You have probably seen it: a calendar invite for 10:05 a.m. or 2:35 p.m. The idea is to build in a buffer — a few extra minutes so people can wrap up their previous meeting and transition. It sounds considerate. In practice, it makes everything worse.
It shifts the problem, not fixes it
If someone schedules a meeting at :05, attendees who are ready on time sit around waiting. That is five minutes of dead air that signals their time is not valued. Meanwhile, the people who were late to begin with? They are still late — because the issue was never the clock. It was discipline.
A :05 start does not teach anyone to be punctual. It teaches everyone that being late is expected and accommodated. The buffer becomes a permission slip.
It encourages the previous meeting to run long
When people know there is a five-minute cushion after the hour, the meeting before it loses its hard stop. The implicit message is: going over is fine, everyone has a built-in break anyway. That removes any pressure to wrap up on time and normalizes a culture of running long.
Over weeks and months, this compounds. What started as a "helpful buffer" becomes a systemic excuse for poor time management. Meetings drift. Agendas bloat. Nobody feels the urgency to be concise because the calendar has already forgiven them in advance.
Nothing actually gets shorter
Here is the uncomfortable truth: meetings that start at :05 or :35 still tend to run to :00 or :30. You have not shortened anything. You have just awkwardly shifted when people show up. The meeting is the same length — or longer, because the soft start invites a slow ramp-up. "Let's give people a minute to join" becomes the new opening ritual, and suddenly your 25-minute meeting is 30 again.
The real fix: start sharp, end early
The goal should not be to delay the start. It should be to protect the end. Start on the hour or half-hour — exactly when people expect it. Then end five or ten minutes early. That is what the 25/50 framework is about: 30-minute meetings become 25, 60-minute meetings become 50.
Ending early gives people something a :05 start never can:
- Time to decompress. Step away from the screen. Get water. Breathe.
- Time to reflect. Process what was discussed before it fades from short-term memory.
- Time to prepare. Glance at the next meeting's agenda. Gather context. Show up ready.
- Time to document. Write down action items while they are fresh, not three meetings later.
Discipline, not tricks
Offset start times are a workaround for a culture problem. They try to solve "people run late" with a scheduling trick instead of addressing the root cause: meetings that lack structure, accountability, and respect for the clock.
A well-run meeting has a stated purpose, a focused agenda, and a facilitator who keeps things on track. It starts when it says it starts. It ends before it says it ends. That requires intention and commitment, not a quirky timestamp.

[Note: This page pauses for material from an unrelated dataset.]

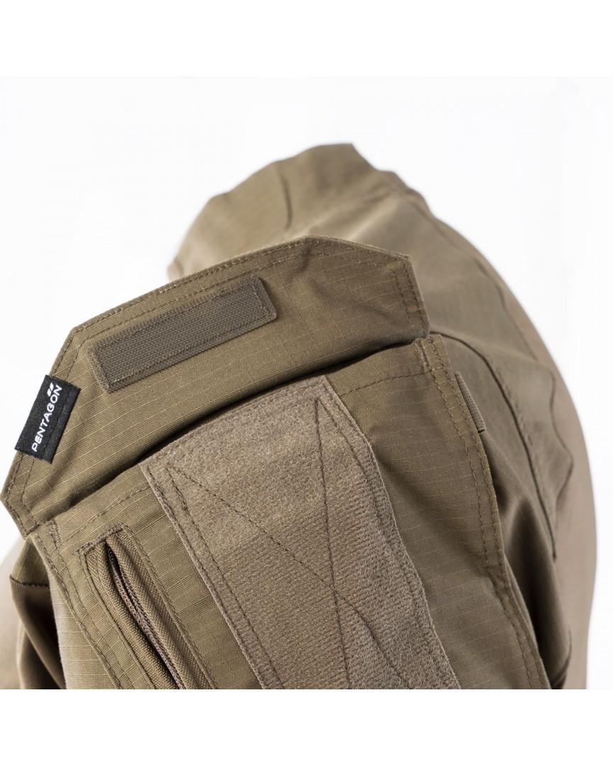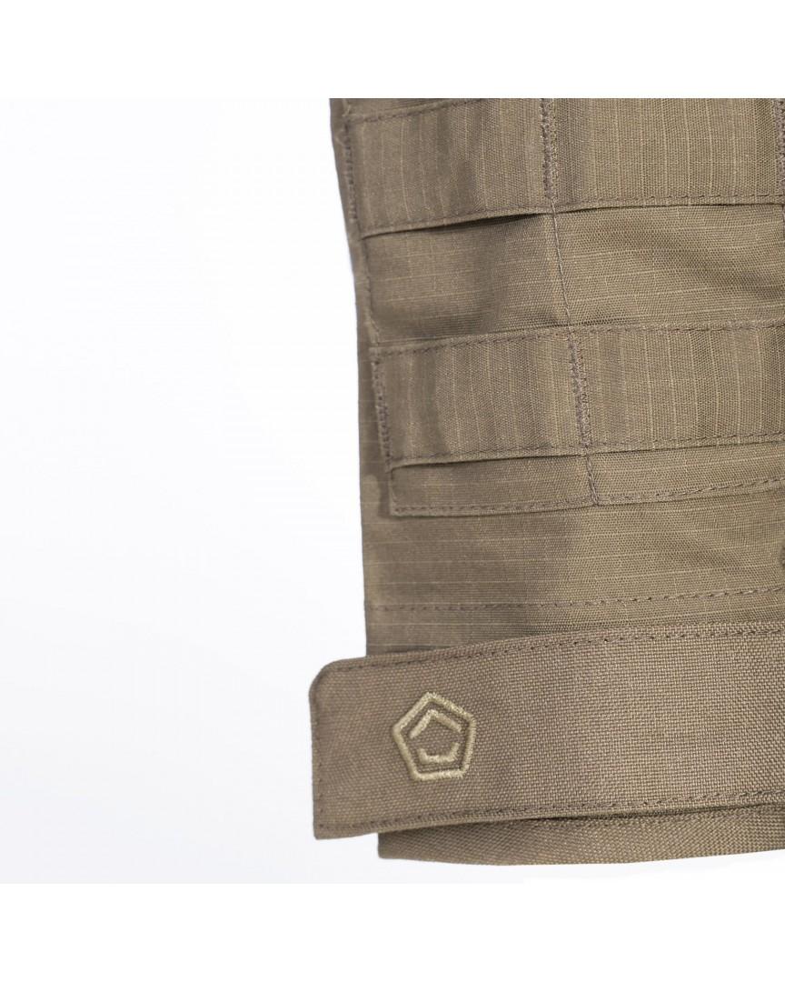 Elasticitatea gulerului, combinată cu extensibilitatea mecanică a țesăturii, permite îmbrăcarea ușoară și adaptarea tricoului la diverse tipuri de conformații. Modelul Wolf Combat dispune de multiple spații de depozitare pentru accesorii și este echipat chiar și cu sistem MOLLE/PALS pe antebrațe, oferind compatibilitate ridicată pentru prinderea diverselor accesorii.

Start sharp. End early. Give people their time back.
What you can do today
If you schedule meetings, stop using :05 and :35 start times. Set them at :00 or :30, make them 25 or 50 minutes, and commit to ending on time. If you attend meetings that start at :05, show up at :05 — but ask the organizer why the meeting does not just start at :00 and end at :25. Most of the time, they will not have a good answer. That is the opening for change.
The 25/50 pledge is a commitment to treating people's attention with respect. That starts with something as simple as when the meeting begins.